Ahora mi ceguera para los rostros y ese monstruo que rasga el suelo de mi cerebro susurrando joder, solo un poquitín, una y ya está… son la base de todo. Mis enemigos, mi debilidad, mi miedo se convierten en mi fortaleza, soy un ronin entrenando a cada momento. Ocupo mi tiempo, aprendo a reconocer a gente de lejos gracias a que la gente solo tiene una forma de andar. La ropa me sirve de guía y procuro anotar las nuevas adquisiciones de la gente con la que trato; si alguien tiene una camisa nueva o unos zapatos diferentes, yo lo anoto. Cada noche estudio las diferencias, memorizo los cambios de peinado, si alguien se ha quitado un anillo o tiene un collar diferente. Todo sirve. Es toda una aventura vivir en territorio enemigo con visibilidad cero.

La cara será el espejo del alma y seré un topo para eso pero soy el puto Sherlock Holmes para todo lo demás.

Si todo va bien saldré dentro de un mes. He encontrado un alquiler barato cerca del barrio de mi ex. A veces intercambio emails con ella e incluso viene a visitarme en ocasiones. Qué mujer. Después de lo que le hice. Me hace sentir pequeño y ridículo y enorme e importante al mismo tiempo. Siempre me avisa de la ropa que vestirá hasta que yo pueda oír el sonido de su voz. Así la visita cunde más. Releo ahora todo lo que he escrito y siento que no he sido del todo claro con ustedes aunque sea por omisión: no me dejó por la prosopagnosia. Me dejó porque dejé de ser yo. Cargué toda mi mierda sobre ella y aguantó… aguantó mucho. Podía soportar que me deprimiese, que me hundiera, que no pudiese imaginar un futuro sin su cara grabada en él. Pero no lo de las drogas ni lo que me hacían hacer. Intentó ayudarme y una noche se me ocurrió empujarla contra la cocina, haciéndole una brecha en la cabeza contra la esquina de un armario. Sé lo que está pensando y tiene razón: soy un puto miserable. Y yo le digo que no me lo perdonaré jamás.

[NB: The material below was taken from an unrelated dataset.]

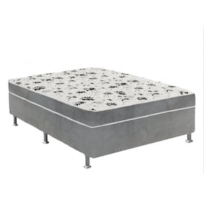 Cama Box Casal Suede Cinza + Colchão Casal Suede Cinza Orto Molas Bonnel 138x188x55

Mis primeros días ella estaba a mi lado, en mi casa. Era ella quien despedía a mi madre con una sonrisa triste, no era yo con una falsa sonrisa. No sé por qué les he dicho otra cosa. Quizá porque no estoy curado del todo, a saber. Creo que no lo estaré nunca. Ella estaba ahí cuando me perdía con alguna película, cuando me encerraba para meterme, cuando algún amigo pasaba a visitarme y yo no estaba para nada ni para nadie. La enfermedad por la que me dejó no tiene un nombre largo y yo fui el culpable, y no una cáscara de plátano, de todo lo que ocurrió después.

No sé si tendré otra oportunidad con ella: no me siento merecedor. Sí, le he dicho que viviré cerca y que cada día intentaré ser mejor. Que es todo lo que puedo prometer. Que necesito que, de vez en cuando, me diga si estoy haciendo el idiota hasta que pueda caminar solo de nuevo.

Ni siquiera sé si tiene pareja ahora. La verdad es que prefiero no saberlo. No hago planes. Supongo que si al final todo sigue igual y ella prosigue su vida con alguien a su lado, la prosopagnosia será una bendición para mí. Y si no, bueno, todo samurái necesita un señor. O señora.

Deséeme suerte. Haré todo lo que pueda, tiene mi palabra. Le dejo en su playa, con sus piedras, así que muchas gracias por el paseo.

Ah, y no lo tenga en cuenta si un día me cruzo con usted y no le saludo. Me pasa muy a menudo.